# Briggs Engine Manifold



## Waterlooboy2hp (Mar 9, 2015)

A fellow in South Texas saw a manifold listed in my online store and wanted to know if he could use it to convert the Pulsa-Jet carb on his 5hp Briggs, over to a bowl & float style carb.  The one he was looking at, would not work, so I told him I would make him one for #3.00 + postage.  I love a good challenge.

This is what I made from a chunk of 2.5", 6061 round bar. ---




==========================================================

A short time ago, I started making these adjustable High Speed assemblies for Harbor Freight Predator 212cc engines and any other engines, that used the same carbs. The engines come with non-adjustable jets. This unit replaces the bolt, that holds the bowl on the carb.

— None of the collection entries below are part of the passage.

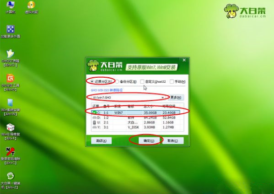 7、點擊上方的“還原分區”,選擇系統需要安裝的位置,一般是安裝在C盤,點擊確定;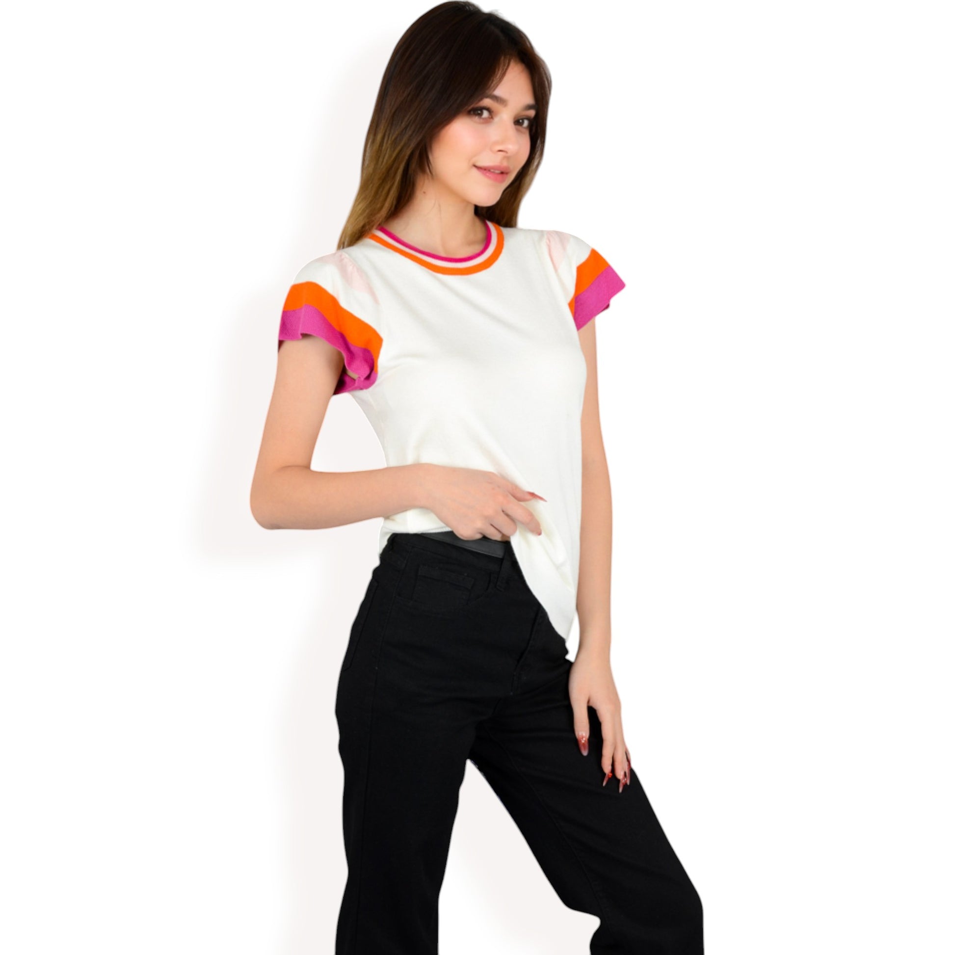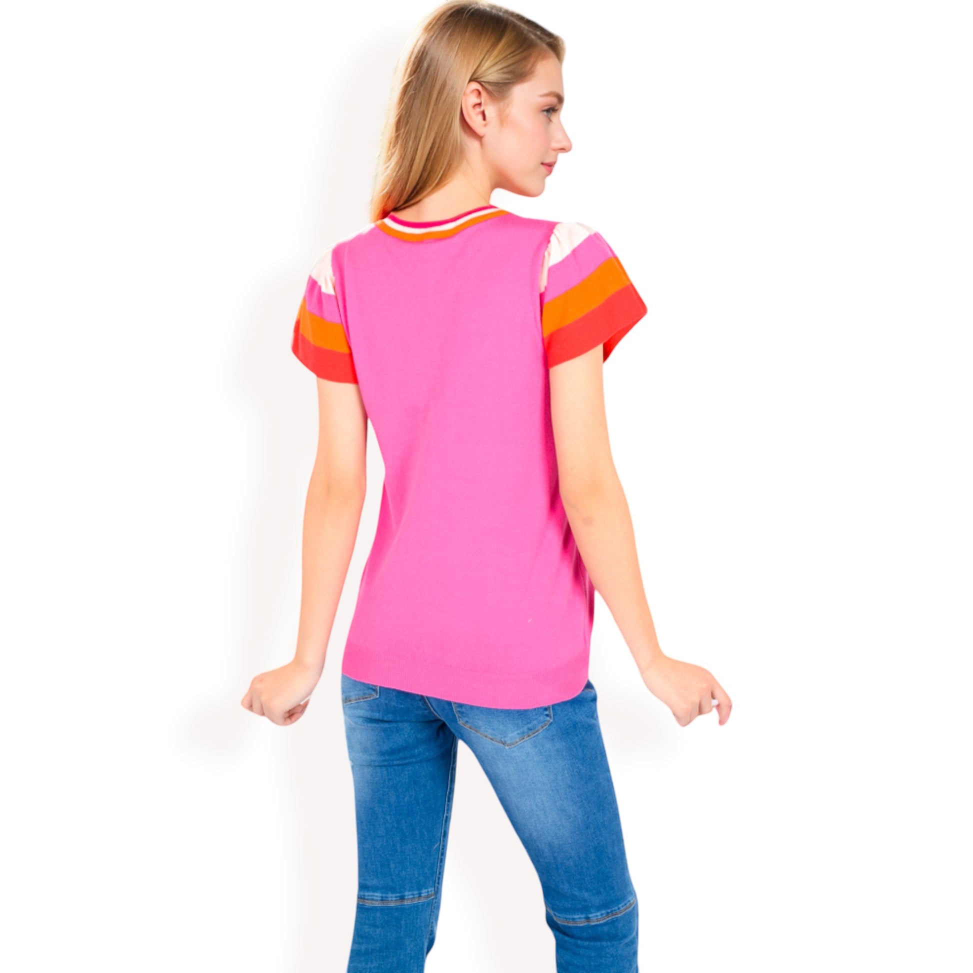 Anna-Kaci Women's Colorblock Knit Short Sleeve Top with Bold Striped Sleeves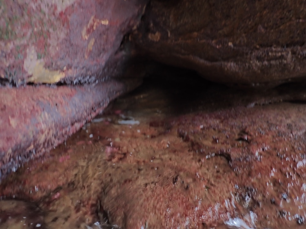 A large, shallow funnel under the cliff overhang leads to a quite small, triangular entrance into a full range intertidal low ceilinged cavern. It is approximately a long ellipse in plan, leading at the east end to an even lower entrance which penetrates the west wall of the wide geo immediately to the east. This entrance is at NJ 16526 70349. It is nearly submerged at a springs high tide. The cavern extends another 8m to the west. The cave floor is sand, with occasional large, angular boulders. These appear have fallen from the ceiling - which is corrugated with sharp angles. The inner cave empties completely at low tide except at neaps.

======================================================

Sticking with the Predator engine, I also produce these in 12mm and 10mm to 1/8 pipe adaptors for extending the oil drains on the import engines.  You can add any length pipe that is needed. --- John


----------



## Ray73 (Jul 2, 2015)

Waterlooboy2hp said:


> A fellow in South Texas saw a manifold listed in my online store and wanted to know if he could use it to convert the Pulsa-Jet carb on his 5hp Briggs, over to a bowl & float style carb.  The one he was looking at, would not work, so I told him I would make him one for #3.00 + postage.  I love a good challenge.
> 
> This is what I made from a chunk of 2.5", 6061 round bar. ---
> 
> ...


Very nice work!


----------



## tertiaryjim (Jul 4, 2015)

Thats some nice work and sharp thinking.
You may have solved a problem for me.
Need a adjustable jet on a log splitter and what you've done would probly work on it.


----------